A arma ficou. O tiro ouviu-se ao longe. Naquele momento toda a cidade parecia um labirinto. Correr já não era problema. Tinha que sair dali. Não queria ter feito o que fiz. O que fiz devia ter sido feito, mas não por mim.
Eu por amor sou capaz de muito. Nunca me tinha apercebido disso. Hoje sei do que sou capaz. Matar.
Encostado agora a uma parede molhada, sinto os suores frios de quem acaba de sentir na pele a melhor sensação do mundo. A sensação de alívio. Está feito. Já se ouvem ao longe as sirenes ensurdecedoras. Eu sabia que tudo tinha sido bem planeado. Não iriam existir vestígios.
Deixo-me escorregar e acabo sentado no chão com os olhos fixos na única luz acesa naquela rua. É um beco sem saída. Começo a pensar no próximo passo. A próxima etapa. Esquecer. Essa terá de ser a primeira coisa a ser feita. Mas por um lado não quero. Sei bem o que fiz.
Esqueço-me de tudo sempre tão facilmente. Uma morte, ou melhor, um assassinato nunca pode ser esquecido, apenas não deverá ser relembrado.

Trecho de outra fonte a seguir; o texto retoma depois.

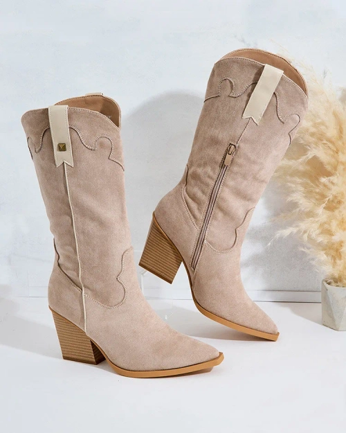 - Сапоги а'ля ковбойские сапоги на низком каблуке, выполненные из органической замши с декоративным тиснением. Тканевая стелька, сапоги с застежкой-молнией до середины голенища. Обувь отделана нежным мехом. Они подходят ко многим женским стилям!
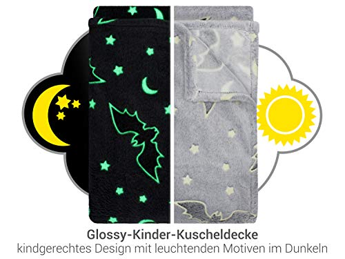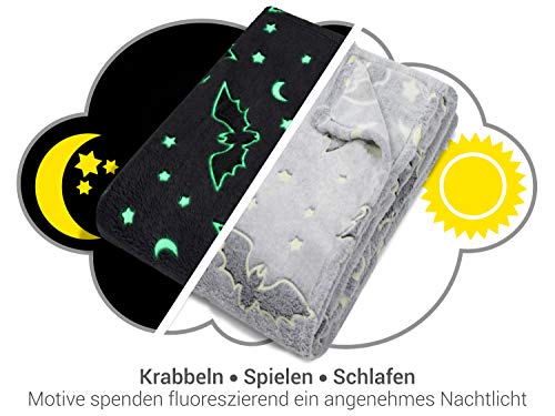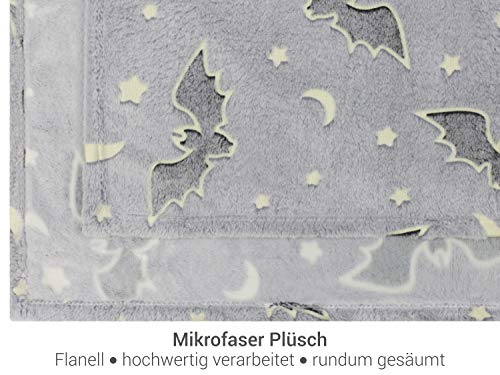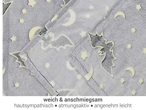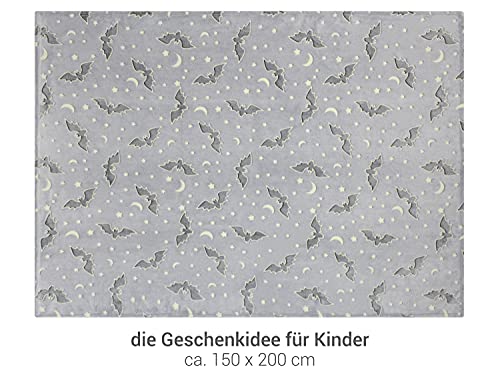 Lieferumfang: 1 Schritt – leuchtende Kuscheldecke ca. 150 x 200 cm, Fledermaus anthrazit

Levanto-me e ganho novas forças. Limpo as mãos nas calças e prossigo caminho, de capuz enfiado na cabeça e mãos nos bolsos. Agora tudo muda. Agora tudo será diferente. Apenas tenho de seguir em frente. O medo que senti, continuou encostado na parede fria e molhada. Já não sinto medo. Sinto-me bem.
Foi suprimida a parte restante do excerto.